Image: London bombers.
Reuters
A police handout image taken from CCTV footage and released on Tuesday shows London bombing suspects Shahzad Tanweer, left, Germaine Lindsay, center, and Mohammed Sidique Khan, right, at Luton train station in central England on June 28.
updated 9/20/2005 10:28:08 AM ET 2005-09-20T14:28:08

Police released closed-circuit TV footage on Tuesday showing three of the suspected London suicide bombers on what detectives believe was a reconnaissance trip less than two weeks before the deadly July 7 attacks.

The June 28 images show the three entering the Luton train station north of the capital, arriving at London’s King’s Cross station and entering the Underground system. Detectives located the images after finding train tickets and receipts indicating the timing of the trip.

The trip followed the same route the suspects are believed to have taken on the day of the bombings that killed 52 victims and themselves, police said.

The visit “might suggest the suspects were carrying out reconnaissance of potential targets on the London transport system and checking the time of the journey they intended to take on the day of the attack,” London’s Metropolitan Police said.

“Other cases here and abroad have suggested that terrorists do visit possible targets as part of their planning, checking layouts, timings and security before carrying out attacks,” police said.

Police said they also had footage showing the three at the Baker Street subway station, close to one of the bombing sites.

'Missing three hours could be vital'
The men — Mohammed Siddique Khan, Shahzad Tanweer and Germaine Lindsay — spent about three hours in London and may have split up during that time, police said. Investigators said they were still searching closed circuit tapes for more information about what the suspects did in the city.

“We really need to know, did they meet anyone else? What else did they do during that time?” Peter Clarke, head of the police anti-terrorist branch, said in a television interview. “Those missing three hours could be vital.”

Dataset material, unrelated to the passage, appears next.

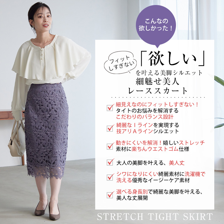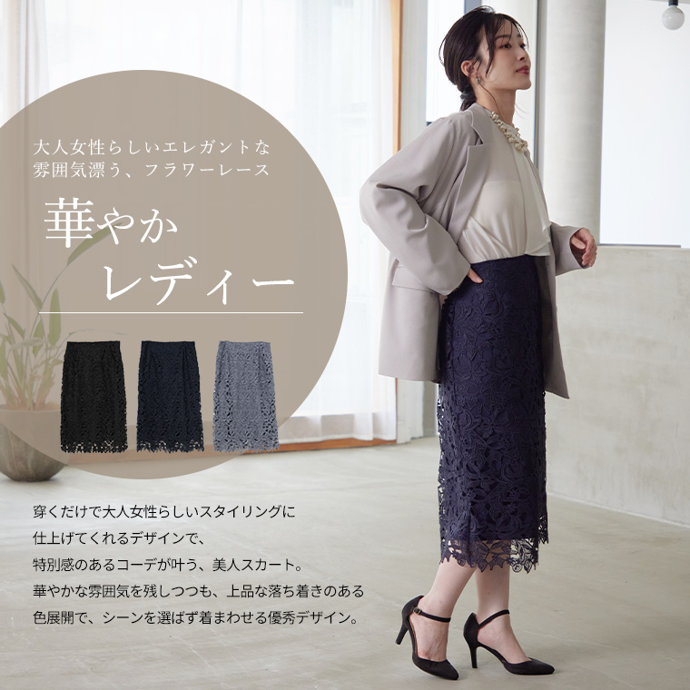 フィットしすぎないのに細魅せ美人!華やぎ レーススカート

The video did not show the fourth suspected bomber, Hasib Hussain, who allegedly blew up a red double-decker bus. He may have intended to attack a Northern Line train but hit the bus instead because a mechanical problem had shut part of the line.

Assistant Police Commissioner Andy Hayman said police were searching about 80,000 closed circuit recordings as part of their investigation, which he called “a colossal undertaking.”

Among the 15 sites detectives have searched is a landfill in West Yorkshire, where examinations are still going on, Clarke said.